--- START ---

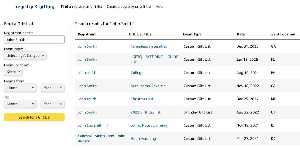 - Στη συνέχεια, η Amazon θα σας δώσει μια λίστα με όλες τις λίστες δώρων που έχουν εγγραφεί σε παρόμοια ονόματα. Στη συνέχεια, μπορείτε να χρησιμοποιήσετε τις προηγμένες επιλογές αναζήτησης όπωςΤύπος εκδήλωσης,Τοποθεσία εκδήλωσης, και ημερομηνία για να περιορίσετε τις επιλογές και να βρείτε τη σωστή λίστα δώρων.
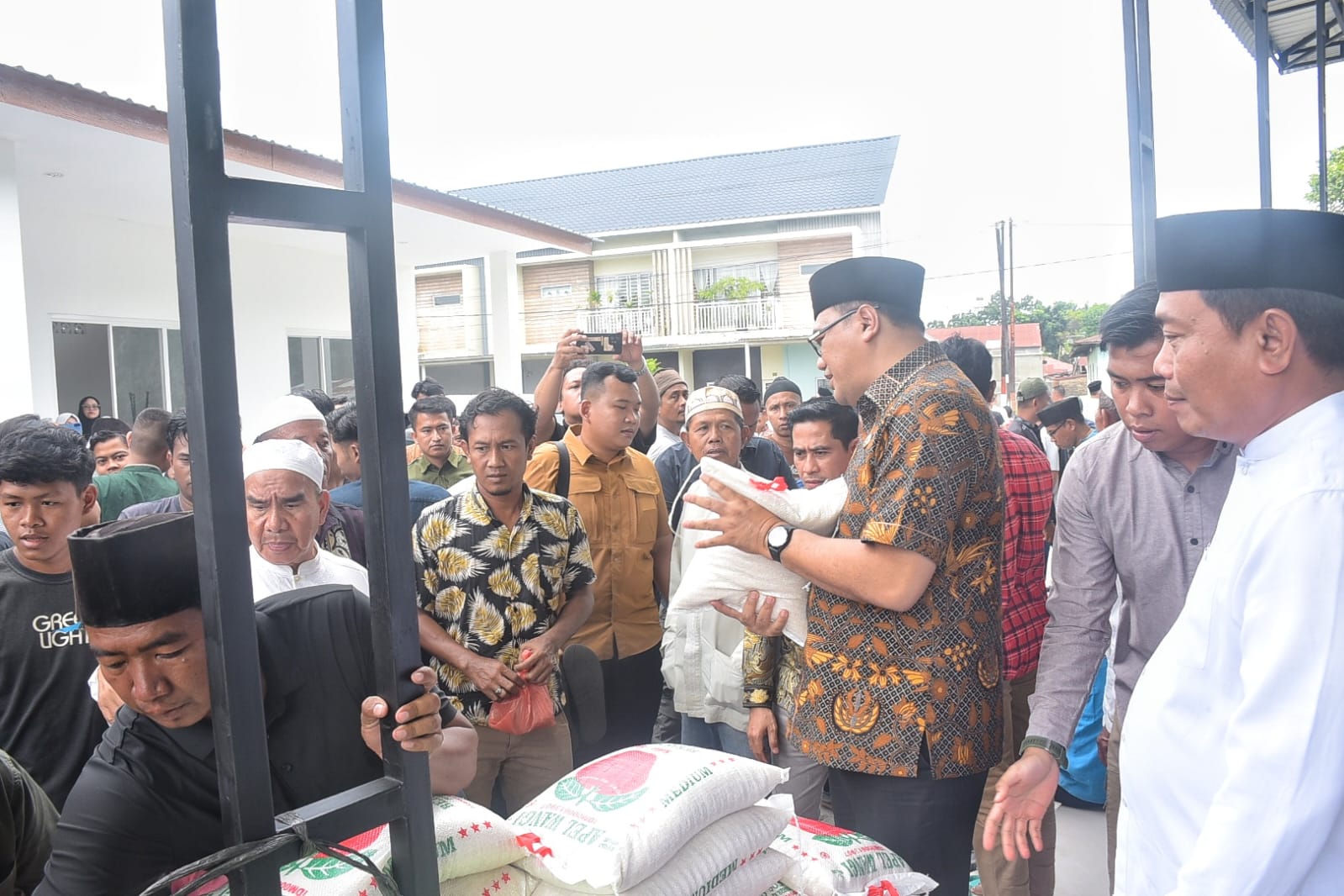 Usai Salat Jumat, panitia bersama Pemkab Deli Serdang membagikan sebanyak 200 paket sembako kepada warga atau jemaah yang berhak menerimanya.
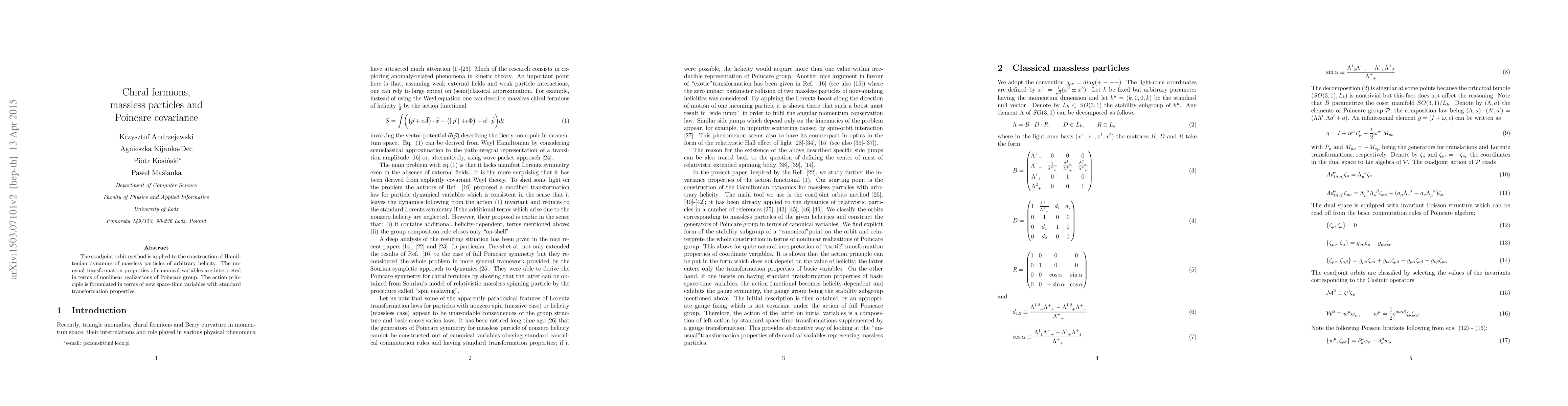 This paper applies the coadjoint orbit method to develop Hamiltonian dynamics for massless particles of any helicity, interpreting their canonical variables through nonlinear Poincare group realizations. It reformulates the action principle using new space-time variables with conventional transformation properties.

--- END ---
--- START ---

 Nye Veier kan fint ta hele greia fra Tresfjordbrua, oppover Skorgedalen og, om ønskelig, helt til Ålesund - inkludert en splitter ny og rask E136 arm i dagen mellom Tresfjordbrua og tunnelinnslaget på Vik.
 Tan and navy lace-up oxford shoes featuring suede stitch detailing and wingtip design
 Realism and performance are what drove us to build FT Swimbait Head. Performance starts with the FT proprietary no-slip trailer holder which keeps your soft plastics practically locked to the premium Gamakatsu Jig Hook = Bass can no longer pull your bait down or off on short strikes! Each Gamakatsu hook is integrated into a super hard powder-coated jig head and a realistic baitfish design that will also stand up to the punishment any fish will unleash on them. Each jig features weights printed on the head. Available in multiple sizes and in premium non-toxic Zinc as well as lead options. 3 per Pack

--- END ---
--- START ---

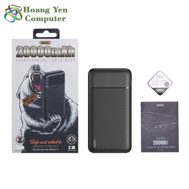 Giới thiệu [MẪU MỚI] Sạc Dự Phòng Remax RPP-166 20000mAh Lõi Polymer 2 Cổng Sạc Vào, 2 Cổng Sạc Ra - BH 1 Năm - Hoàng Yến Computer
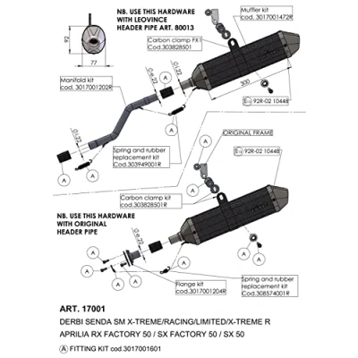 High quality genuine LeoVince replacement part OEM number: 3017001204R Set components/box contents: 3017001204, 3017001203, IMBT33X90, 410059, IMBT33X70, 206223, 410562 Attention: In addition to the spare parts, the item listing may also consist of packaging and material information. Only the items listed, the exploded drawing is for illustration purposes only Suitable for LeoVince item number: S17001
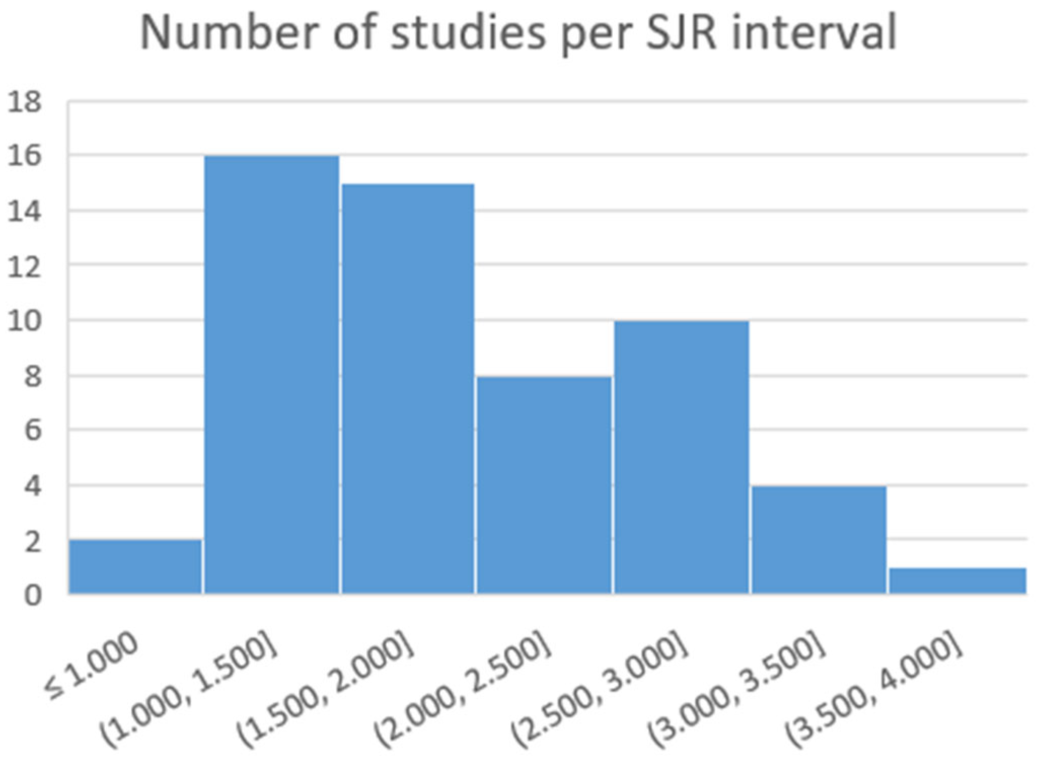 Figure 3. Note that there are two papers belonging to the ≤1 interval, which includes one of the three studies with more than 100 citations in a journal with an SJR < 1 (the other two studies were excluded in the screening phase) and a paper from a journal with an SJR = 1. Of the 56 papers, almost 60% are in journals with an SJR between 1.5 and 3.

--- END ---

PROBLEM STATEMENT: Using the data above, give again exactly the lines starting at the one holding "High quality genuine" and ending at the one holding "Figure 3. Note", inclusive, and nothing more. Omit the pictures.

SOLUTION BELOW:
 High quality genuine LeoVince replacement part OEM number: 3017001204R Set components/box contents: 3017001204, 3017001203, IMBT33X90, 410059, IMBT33X70, 206223, 410562 Attention: In addition to the spare parts, the item listing may also consist of packaging and material information. Only the items listed, the exploded drawing is for illustration purposes only Suitable for LeoVince item number: S17001
 Figure 3. Note that there are two papers belonging to the ≤1 interval, which includes one of the three studies with more than 100 citations in a journal with an SJR < 1 (the other two studies were excluded in the screening phase) and a paper from a journal with an SJR = 1. Of the 56 papers, almost 60% are in journals with an SJR between 1.5 and 3.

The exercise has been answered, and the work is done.